The case of City of Denison v. Foster (Tex. Civ. App.) 28 S. W. 1052, goes farther and does not require any notice that the plaintiff intended to charge for his services, but it was only necessary that the services were performed and accepted. The decision is cited with approval in the Sluder Case, and we think, as held by that case, appellee would probably be estopped from denying its liability. Whether we accept that proposition' or not, we hold that there were circumstances and facts which brought to the directors the knowledge that appellant expected remuneration for the services. In view of a reversal, we do not deem it proper to discuss all those facts, but we think the letter written to Mr. Wyche is conclusive, although at that time the corporation had not been organized, and he was only the president of the Eagle Pass Chamber of Commerce, but afterwards became a director of the corporation and its secretary. There is no doubt that the board of directors had knowledge of the contents of appellant’s letter and knew that he would expect compensation for his services. The letter was written to correct a wrong impression created by his son, at that time county judge of Maverick county, as to what his father expected for his services.
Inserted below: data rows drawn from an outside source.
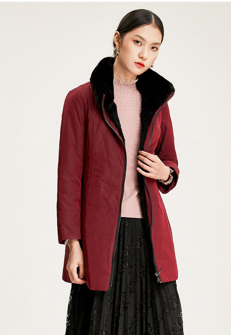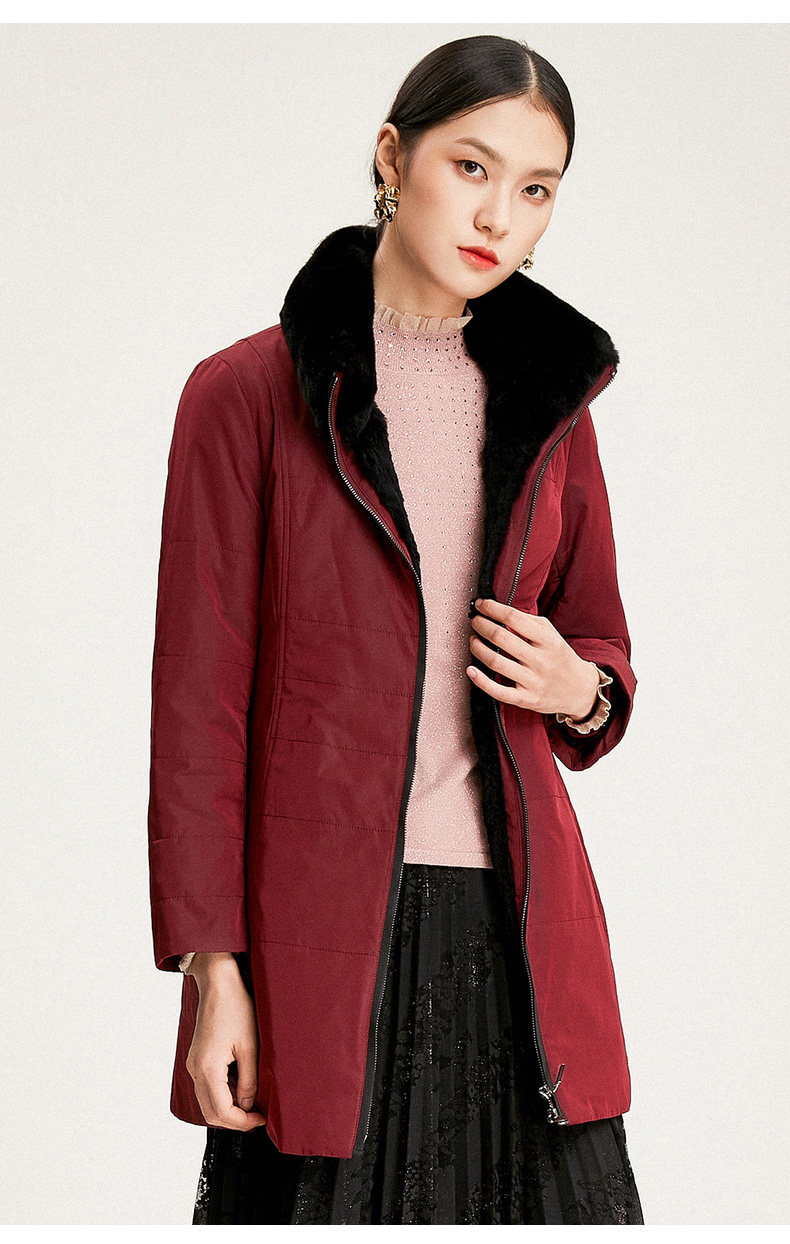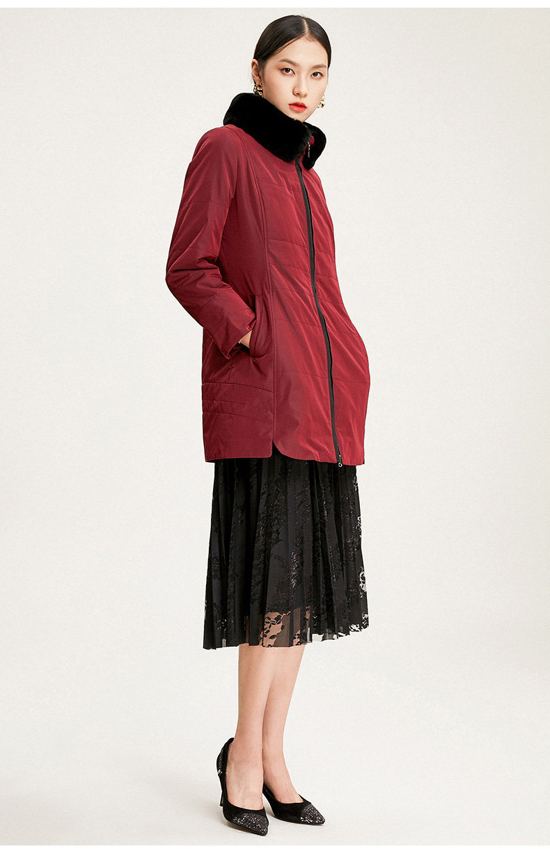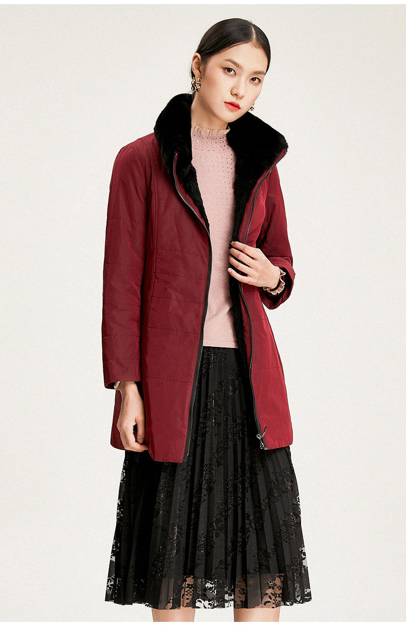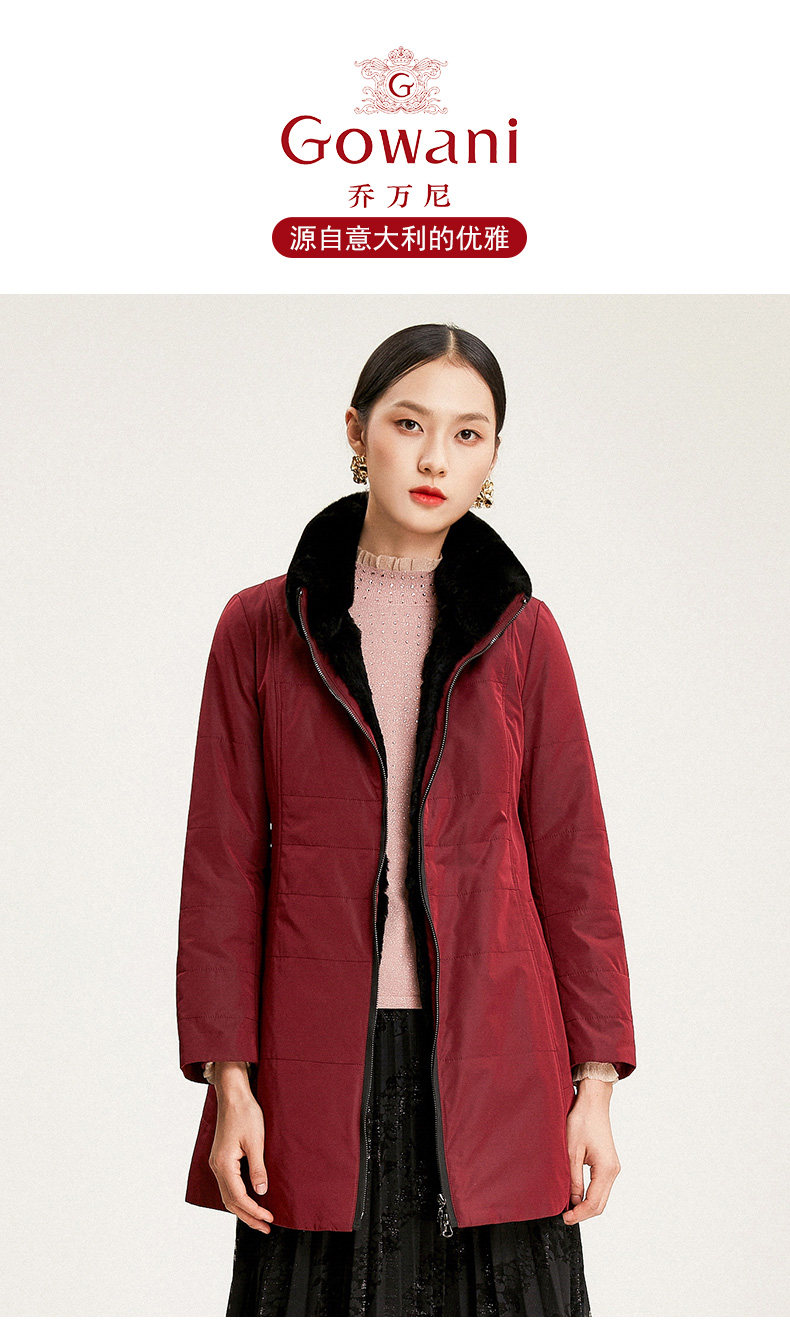 乔万尼派克服冬季修身显瘦外套女保暖毛领皮草中长款EN4N781
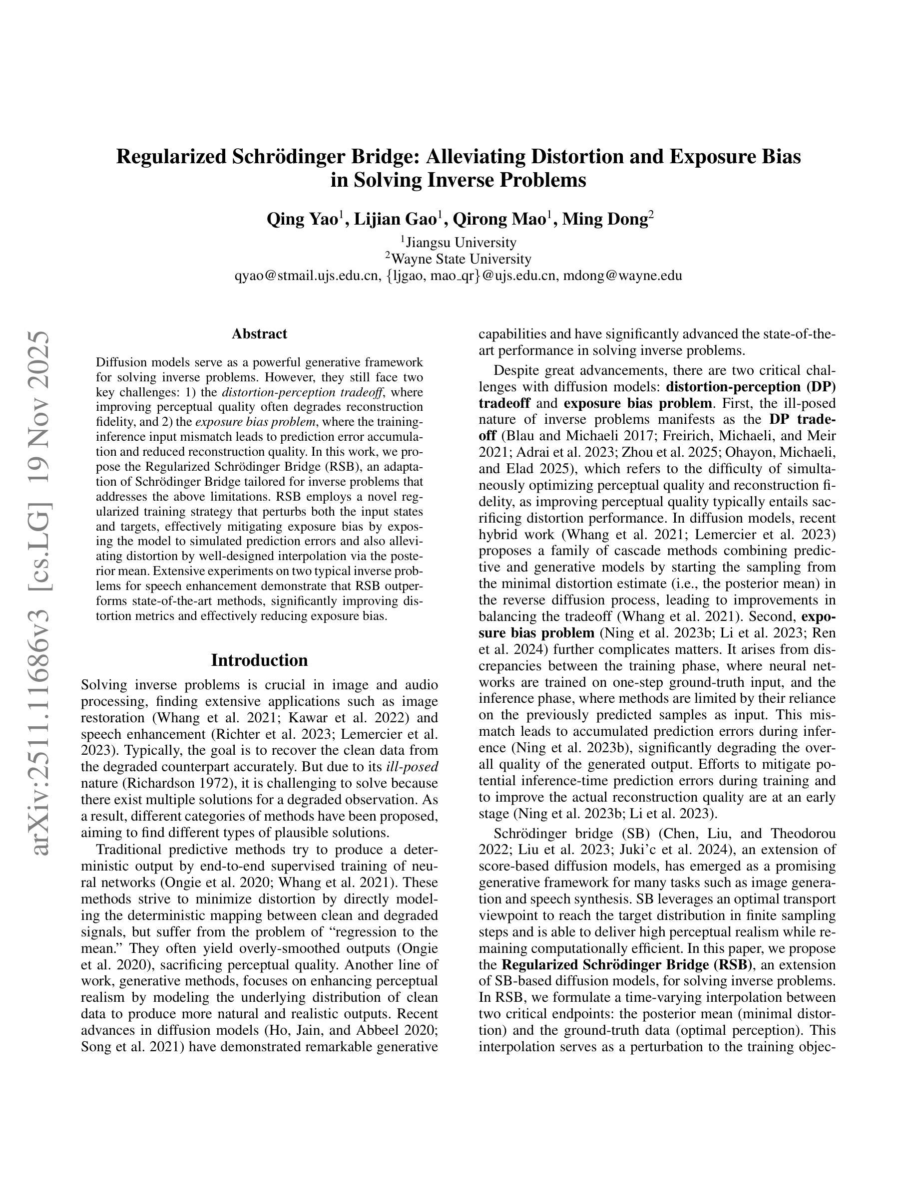 扩散模型是解决逆问题的强大生成框架,但仍面临失真与感知权衡以及暴露偏差问题。本研究提出正则化薛定谔桥(RSB),针对逆问题的薛定谔桥适应版本,能解决上述问题。RSB采用新型正则化训练策略,扰动输入状态和目标,有效减轻暴露偏差并缓解失真问题。在语音增强领域的两个典型逆问题实验中,RSB表现优于现有最先进方法,显著改进失真指标并有效减少暴露偏差。
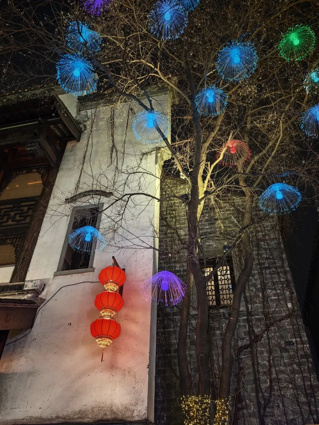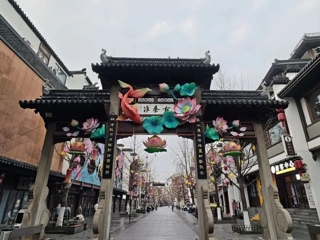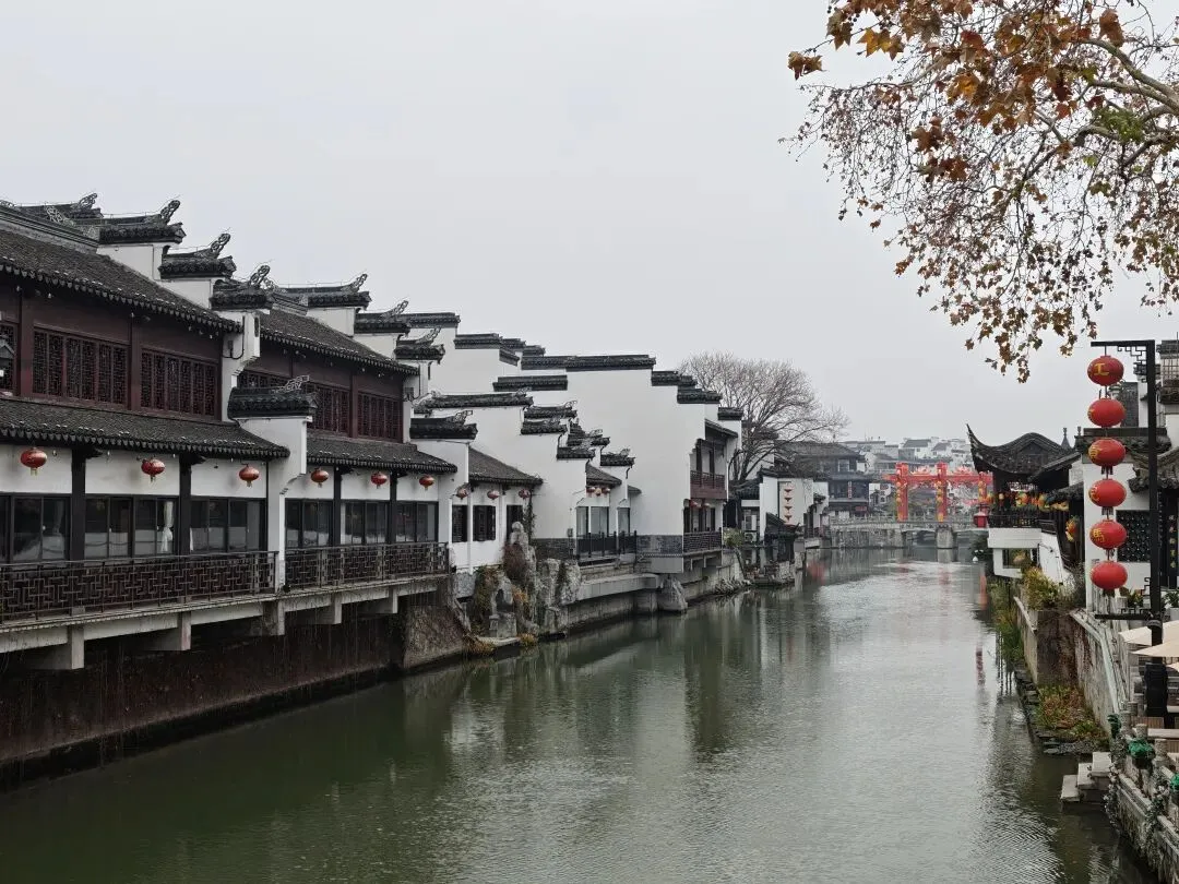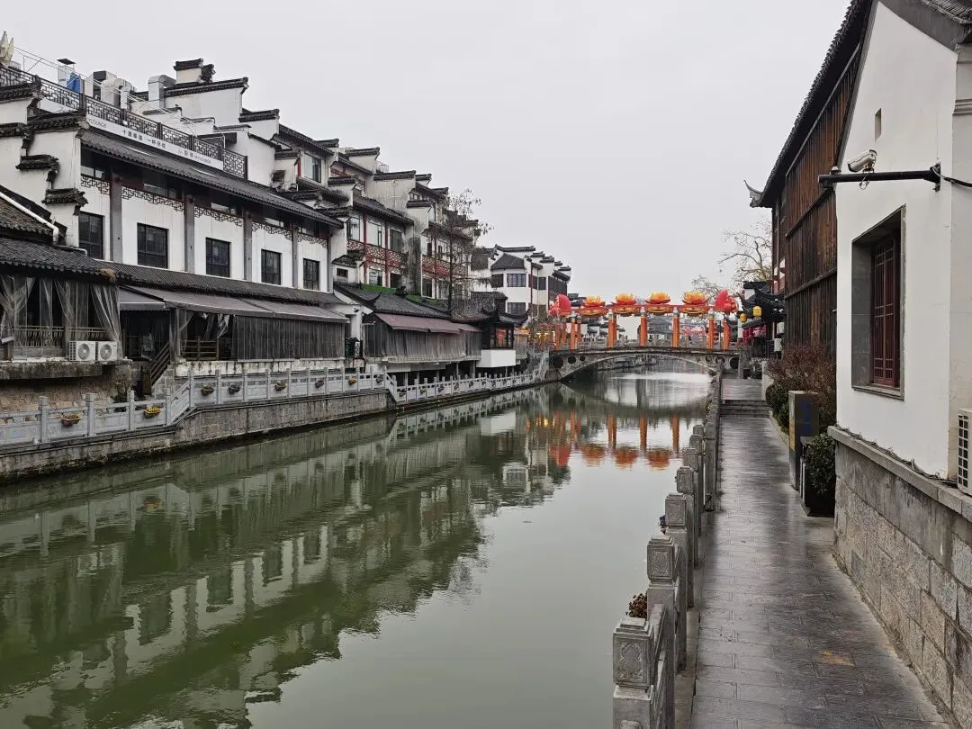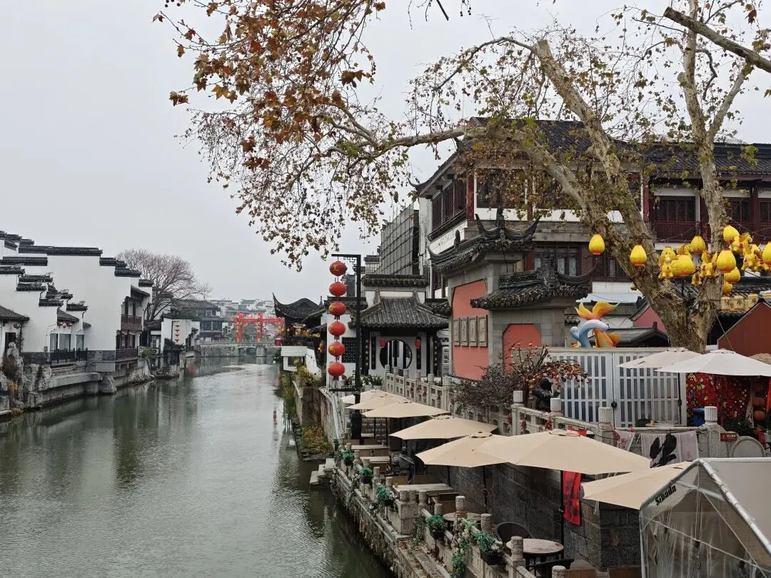 中华门是南京城墙13座京城城门中最重要的城门。城门南北长约127米,东西宽116米,高21米,由四道城门贯通,形成三座内瓮城,各城门均有上下启动的“千斤闸”和“双扇木门”。瓮城有登城马道,设有27个藏兵洞。多处藏兵洞处于开放中,现在很多是作为博物馆存在着,在明朝它或作为储藏功用,或战时会作为驻兵而用,一个藏兵洞可驻扎千人。藏兵洞也是第一层劵门的地下空间,洞都如此之深,也不得不再次惊叹城墙的厚度了。作为京城瓮城真是铜墙铁壁,大有一夫当关,万夫莫开的气势。在中华门东西两侧开辟中华东门和中华西门,以满足车辆通行。登城墙,中华门一段城墙的顶部宽度大约11米,大约是3个车道的宽度。城墙底部大约20米。也是体现了“高筑墙”的防御宗旨。城墙之上也可租车代步。透过城墙南侧,也可观看到夜色下外秦淮河的风光,外秦淮河也曾是南京城南的天然护城河。中华门则是明代京城的正南门。城墙北侧则可登高望远老门东的繁华与热闹。青砖黛瓦马头墙的明清建筑群灯火辉煌,主街区中更是热闹非常,人头攒动,娱乐的音乐响彻整个上空。我们在城墙上从中华门走到赤石矶。也是浅浅见识了南京城墙的特殊魅力。从城墙下来,又回到老门东热闹的主街区中。虽离春节还有1个月,也是提前体验到了春节期间的人潮涌动,都是来看花灯的。主街上,也是一派繁华景象,每个店铺灯火辉煌,装饰的灯具也是千奇百态、争奇斗艳。街边一棵古树上挂满了各式各样五彩缤纷的花灯,又是吸引着人潮一波波涌来,不得已被迫采取了限流的措施。出老门东牌坊有很多特色餐馆,有些人气餐馆也是一位难求。我们最终选择了苏小蟹-蟹黄面,在此品尝了江南蟹黄面、蟹黄大汤包、盐水鸭、青提豆花,既有特色又美味。在南京的每一顿餐食,味蕾都得到了极大的满足。从南博出来往老门东途中,有点饿,先在偶遇的一个当地普通小馆品尝了鸭血粉丝汤、蟹黄包和鸭油烧饼。蟹黄包和蟹黄汤包还是有不同,蟹黄包是能吃到肉馅,蟹黄汤包则主要是喝汤的,两种包的名称相似,吃起来的感觉还真差别挺大的,都非常好吃。酒店特意定在了夫子庙附近,在回酒店的路上就能看到内秦淮河。小桥流水人家在灯光映衬下,每一次看,都是美的,看不够。第二日一早,先是继续品尝当地特色吃食,老新隆牛肉锅贴店吃牛肉锅贴、酒酿元宵、风味虾仁馄饨,照例吃的满足。来夫子庙多次,大多都是临傍晚到,看到的都是夜景。秦淮河的夜景虽经典,但也很想想看看这一片建筑真实的模样。住在附近的优势显现,能在人最少时,尽情的无打扰的游逛。这也是我们总结出的经验,尽量住在景区或重要街区,这样总能在人少时再走一走。随着缓步进入夫子庙区域,一栋栋建筑、一座座小桥,一个个场景徐徐展开来。建筑的制式、色彩,小桥的式样,这次也是看的很清楚了。清晨的秦淮河没有了夜色中的喧嚣,周围一切都是静悄悄的,没有门店开门,只有建筑、桥儿、水儿在等待着有缘人。白色的墙、黛色的瓦、红色的窗、青色的桥、绿色的水、鲜活的植物,灵动的装饰物……我贪婪的左看右看上看下看,被眼前这幅宁静和谐的江南山水画深深吸引着。这里曾是中国历史上规模最大、影响最广的科举考场。鼎盛时期可容纳2万多名考生同时考试。

We have considered this case on the assumption that appellant’s testimony was true, which is. required of us when considering an instructed verdict. That testimony should have been considered by the jury chosen for that purpose, and not arbitrarily taken away from the jury and the issues decided by the trial judge. To him the evidence may have been deemed worthless, if not untrue, and constituted no basis for the verdict of the jury. In this we are of opinion he erred, and that appellant should have the jury trial demanded by him and guaranteed to him by the organic law.

The judgment is reversed, and the cause remanded.